--- Source data ---
::::::

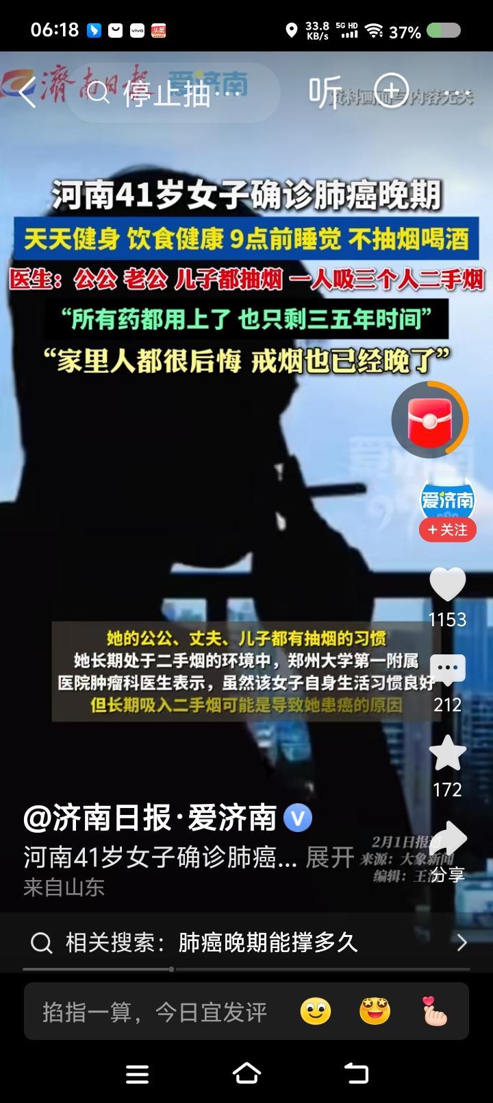 这三人是不是“凶手”?—— 据报道,一女子生活很自律,患肺癌。公公、丈夫、儿子都吸烟。长期接触二手烟,于健康有害。 点评: 世界不就是二手烟市场么?只是距离问题。个人方面应禁烟禁酒,政府层面不好实行。
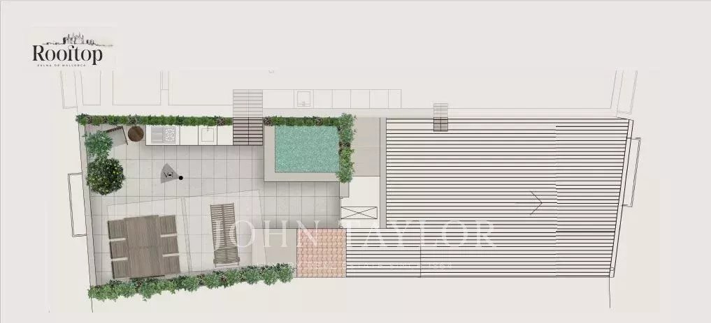 Terrasse sur le toit : Joyau de la propriété, le toit-terrasse offre un espace idyllique pour se détendre et se divertir. Vous y trouverez une piscine privée, une cuisine d'été, une douche extérieure et des espaces dédiés aux repas, à la détente et à la relaxation, le tout avec une vue à couper le souffle sur la ligne d'horizon historique de Palma.
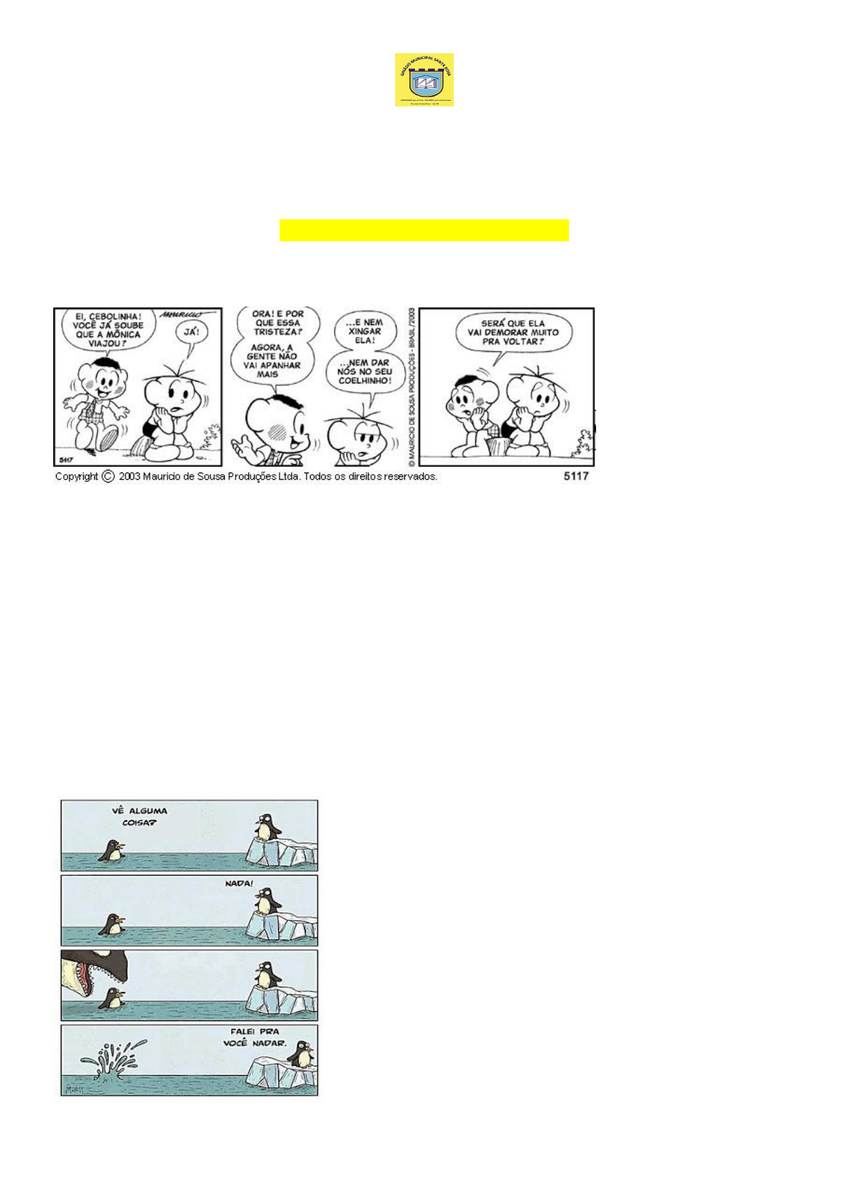 Escola:_____________________________________________________________ Aluno(a):___________________________________________________________ Professora:_________________________________________________________ Data:___/____/______ Ano:_____ Turma:______ Avaliação de Língua Portuguesa Leia a tirinha para responder às questões 1-3. 1º) A frase: “Ei, Cebolinha!” da fala do Cascão no primeiro quadrinho revela: a) indagação. b) entusiasmo. c) dúvida. d) raiva. 2º) Observe que no segundo, na fala do Cascão, está faltando a pontuação no final. Que pontuação abaixo se adequa ao contexto do balão? a) Vírgula. b) Ponto de interrogação. c) Reticências. d) Ponto de exclamação. 3º) Retire da tirinha uma frase interrogativa. ________________________________________________________________________ Leia e responda às questões 4-6. 4º) No primeiro quadrinho há uma frase: a) exclamativa b) negativa c) declarativa d) interrogativa 5º) O ponto de exclamação na fala do pinguim do segundo quadrinho indica: a) uma admiração b) uma ordem c) uma indagação d) um entusiasmo 6º) Conforme os elementos não verbais, o pinguim que estava na água conseguiu entender a mensagem do outro pinguim? ________________________________________________________________________ 7º) Qual pontuação indica que a frase terminou? a) dois pontos b) interrogação c) ponto final 8º) Qual pontuação fala de alguém? a) ponto de exclamação b) aspas c) travessão 9º) Escreva uma frase interrogativa. ___________________________________________________________________ 10º) Em qual das frases abaixo, a pontuação foi empregada corretamente? a) O cachorro latiu correu e pulou no sofá. b) O cachorro latiu, correu, e pulou no sofá. c) O cachorro latiu, correu e pulou no sofá. d) O cachorro, latiu, correu e pulou no sofá. Bo� Sort�!

::::::

--- Brief ---
Hand back the data exactly as it appears, with all pictures cut.

--- Expected answer ---
 这三人是不是“凶手”?—— 据报道,一女子生活很自律,患肺癌。公公、丈夫、儿子都吸烟。长期接触二手烟,于健康有害。 点评: 世界不就是二手烟市场么?只是距离问题。个人方面应禁烟禁酒,政府层面不好实行。
 Terrasse sur le toit : Joyau de la propriété, le toit-terrasse offre un espace idyllique pour se détendre et se divertir. Vous y trouverez une piscine privée, une cuisine d'été, une douche extérieure et des espaces dédiés aux repas, à la détente et à la relaxation, le tout avec une vue à couper le souffle sur la ligne d'horizon historique de Palma.
 Escola:_____________________________________________________________ Aluno(a):___________________________________________________________ Professora:_________________________________________________________ Data:___/____/______ Ano:_____ Turma:______ Avaliação de Língua Portuguesa Leia a tirinha para responder às questões 1-3. 1º) A frase: “Ei, Cebolinha!” da fala do Cascão no primeiro quadrinho revela: a) indagação. b) entusiasmo. c) dúvida. d) raiva. 2º) Observe que no segundo, na fala do Cascão, está faltando a pontuação no final. Que pontuação abaixo se adequa ao contexto do balão? a) Vírgula. b) Ponto de interrogação. c) Reticências. d) Ponto de exclamação. 3º) Retire da tirinha uma frase interrogativa. ________________________________________________________________________ Leia e responda às questões 4-6. 4º) No primeiro quadrinho há uma frase: a) exclamativa b) negativa c) declarativa d) interrogativa 5º) O ponto de exclamação na fala do pinguim do segundo quadrinho indica: a) uma admiração b) uma ordem c) uma indagação d) um entusiasmo 6º) Conforme os elementos não verbais, o pinguim que estava na água conseguiu entender a mensagem do outro pinguim? ________________________________________________________________________ 7º) Qual pontuação indica que a frase terminou? a) dois pontos b) interrogação c) ponto final 8º) Qual pontuação fala de alguém? a) ponto de exclamação b) aspas c) travessão 9º) Escreva uma frase interrogativa. ___________________________________________________________________ 10º) Em qual das frases abaixo, a pontuação foi empregada corretamente? a) O cachorro latiu correu e pulou no sofá. b) O cachorro latiu, correu, e pulou no sofá. c) O cachorro latiu, correu e pulou no sofá. d) O cachorro, latiu, correu e pulou no sofá. Bo� Sort�!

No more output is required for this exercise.